Barclays PLC has been sued by New York Attorney General Eric Schneiderman for reportedly lying about how it favors high-frequency players in the stock-trading business it runs, according to the Wall Street Journal.
The lawsuit was filed on Wednesday and it claims that Barclays took part in fraudulent activity that is related to trading venues known as a ‘dark pool.’ This is when orders to buy and sell are reported to the public. The reports permit the investors to hide their interest and hide from firms.
The dark pool, called LX, has been accused of favoring traders who are of high-frequency who move in-and-out of markets quickly. The bank has also downplayed which traders use the system and to what degree they use it.
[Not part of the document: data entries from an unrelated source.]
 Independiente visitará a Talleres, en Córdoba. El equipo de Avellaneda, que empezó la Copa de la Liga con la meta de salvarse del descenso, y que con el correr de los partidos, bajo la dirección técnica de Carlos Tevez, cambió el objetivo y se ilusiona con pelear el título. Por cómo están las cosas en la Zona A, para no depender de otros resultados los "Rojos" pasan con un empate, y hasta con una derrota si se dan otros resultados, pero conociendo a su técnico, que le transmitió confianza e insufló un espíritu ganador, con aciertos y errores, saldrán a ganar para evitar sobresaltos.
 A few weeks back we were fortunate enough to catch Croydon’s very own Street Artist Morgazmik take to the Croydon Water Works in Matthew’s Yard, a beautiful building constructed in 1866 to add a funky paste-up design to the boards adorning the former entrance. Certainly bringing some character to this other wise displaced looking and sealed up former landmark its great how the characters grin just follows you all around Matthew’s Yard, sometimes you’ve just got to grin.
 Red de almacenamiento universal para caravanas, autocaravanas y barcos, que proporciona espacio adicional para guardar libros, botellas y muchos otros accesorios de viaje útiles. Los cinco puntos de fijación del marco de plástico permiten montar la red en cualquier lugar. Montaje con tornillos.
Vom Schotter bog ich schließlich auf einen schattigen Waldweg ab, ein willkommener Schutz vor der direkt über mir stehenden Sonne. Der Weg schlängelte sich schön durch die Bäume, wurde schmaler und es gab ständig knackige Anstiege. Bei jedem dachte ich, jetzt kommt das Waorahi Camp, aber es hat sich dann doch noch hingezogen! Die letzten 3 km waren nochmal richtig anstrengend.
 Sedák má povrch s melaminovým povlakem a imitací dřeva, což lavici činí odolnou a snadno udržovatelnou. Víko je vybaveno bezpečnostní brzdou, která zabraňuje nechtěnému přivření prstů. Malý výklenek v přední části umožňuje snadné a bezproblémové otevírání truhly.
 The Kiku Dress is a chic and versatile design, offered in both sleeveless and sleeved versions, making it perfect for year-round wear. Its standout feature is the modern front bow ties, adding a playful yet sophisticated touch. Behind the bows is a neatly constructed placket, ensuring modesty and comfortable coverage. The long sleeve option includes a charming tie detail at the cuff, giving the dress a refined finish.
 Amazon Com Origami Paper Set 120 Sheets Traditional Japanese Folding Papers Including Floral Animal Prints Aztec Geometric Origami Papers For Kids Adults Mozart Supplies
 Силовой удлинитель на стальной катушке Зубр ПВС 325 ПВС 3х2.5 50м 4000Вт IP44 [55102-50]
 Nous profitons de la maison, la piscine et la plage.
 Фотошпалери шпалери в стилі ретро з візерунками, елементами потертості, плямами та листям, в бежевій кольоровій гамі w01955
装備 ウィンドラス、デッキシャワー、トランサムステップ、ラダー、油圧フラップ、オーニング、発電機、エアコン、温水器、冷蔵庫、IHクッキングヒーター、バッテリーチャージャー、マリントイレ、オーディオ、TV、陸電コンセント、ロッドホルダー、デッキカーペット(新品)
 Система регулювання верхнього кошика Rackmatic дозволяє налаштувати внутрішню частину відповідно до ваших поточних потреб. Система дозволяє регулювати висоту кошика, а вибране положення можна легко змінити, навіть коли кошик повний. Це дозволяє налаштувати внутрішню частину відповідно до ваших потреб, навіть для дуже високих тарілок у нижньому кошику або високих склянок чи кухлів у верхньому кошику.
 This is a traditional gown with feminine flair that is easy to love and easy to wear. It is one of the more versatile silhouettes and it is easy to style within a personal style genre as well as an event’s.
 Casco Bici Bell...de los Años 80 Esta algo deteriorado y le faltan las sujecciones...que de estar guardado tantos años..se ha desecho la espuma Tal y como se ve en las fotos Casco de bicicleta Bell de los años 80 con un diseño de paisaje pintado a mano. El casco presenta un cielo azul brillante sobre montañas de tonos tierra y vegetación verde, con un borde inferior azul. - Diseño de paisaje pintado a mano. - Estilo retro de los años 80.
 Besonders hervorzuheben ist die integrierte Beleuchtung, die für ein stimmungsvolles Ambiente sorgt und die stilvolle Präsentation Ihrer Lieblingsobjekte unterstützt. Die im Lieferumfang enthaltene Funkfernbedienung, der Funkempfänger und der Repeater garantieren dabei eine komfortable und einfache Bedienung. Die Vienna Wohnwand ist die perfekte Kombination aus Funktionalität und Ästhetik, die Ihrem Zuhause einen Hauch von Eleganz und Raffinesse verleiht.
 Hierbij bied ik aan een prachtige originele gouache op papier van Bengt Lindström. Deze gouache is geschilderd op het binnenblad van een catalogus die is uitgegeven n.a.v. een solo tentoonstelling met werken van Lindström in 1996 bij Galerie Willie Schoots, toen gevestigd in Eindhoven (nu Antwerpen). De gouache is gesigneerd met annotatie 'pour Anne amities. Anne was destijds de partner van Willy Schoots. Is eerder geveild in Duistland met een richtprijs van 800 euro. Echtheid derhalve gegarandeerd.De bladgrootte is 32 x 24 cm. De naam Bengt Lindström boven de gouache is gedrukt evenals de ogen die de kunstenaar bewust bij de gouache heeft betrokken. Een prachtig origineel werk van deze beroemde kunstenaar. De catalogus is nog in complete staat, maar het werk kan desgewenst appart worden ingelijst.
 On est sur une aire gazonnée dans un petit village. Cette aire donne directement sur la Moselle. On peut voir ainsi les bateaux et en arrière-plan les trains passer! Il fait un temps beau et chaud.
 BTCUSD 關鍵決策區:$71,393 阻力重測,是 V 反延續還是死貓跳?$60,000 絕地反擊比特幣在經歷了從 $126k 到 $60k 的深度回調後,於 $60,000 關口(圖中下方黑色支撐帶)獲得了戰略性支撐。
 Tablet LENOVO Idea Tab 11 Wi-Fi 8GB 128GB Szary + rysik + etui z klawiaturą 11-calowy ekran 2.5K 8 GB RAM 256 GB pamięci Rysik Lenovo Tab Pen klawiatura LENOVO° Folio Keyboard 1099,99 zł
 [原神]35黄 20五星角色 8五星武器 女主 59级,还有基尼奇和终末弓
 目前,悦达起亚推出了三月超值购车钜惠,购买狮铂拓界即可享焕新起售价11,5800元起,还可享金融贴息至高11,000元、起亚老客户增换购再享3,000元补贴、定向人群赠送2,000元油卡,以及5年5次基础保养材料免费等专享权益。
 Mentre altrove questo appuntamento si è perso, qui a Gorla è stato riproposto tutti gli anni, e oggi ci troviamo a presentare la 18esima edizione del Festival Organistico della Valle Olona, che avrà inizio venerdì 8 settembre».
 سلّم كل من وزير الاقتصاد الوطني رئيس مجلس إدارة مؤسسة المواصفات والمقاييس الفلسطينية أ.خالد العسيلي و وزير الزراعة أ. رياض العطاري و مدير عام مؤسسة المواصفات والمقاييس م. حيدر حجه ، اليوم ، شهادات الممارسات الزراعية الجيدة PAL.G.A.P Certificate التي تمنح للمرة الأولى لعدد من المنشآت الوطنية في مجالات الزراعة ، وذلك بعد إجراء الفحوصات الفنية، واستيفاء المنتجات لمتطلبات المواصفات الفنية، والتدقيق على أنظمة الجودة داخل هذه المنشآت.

The bank has just 20 days to respond to thre charges.
A spokesman for Barclays, Mark Lane, told The Wall Street Journal, “We take these allegations very seriously. Barclays has been cooperating with the New York attorney general and the SEC and has been examining this matter internally. The integrity of the markets is a top priority of Barclays.”
The lawsuit claims that the bank told clients it protected them from high-speed firms, but it “operated its dark pool to favor high-frequency traders.”
The complaint continued with, “Barclays has actively sought to attract such traders to its dark pool, and it has given them advantages over others.”
Only one high-speed trading client of Barclays is named in the lawsuit; Tradebot Systems Inc. The company declined to comment.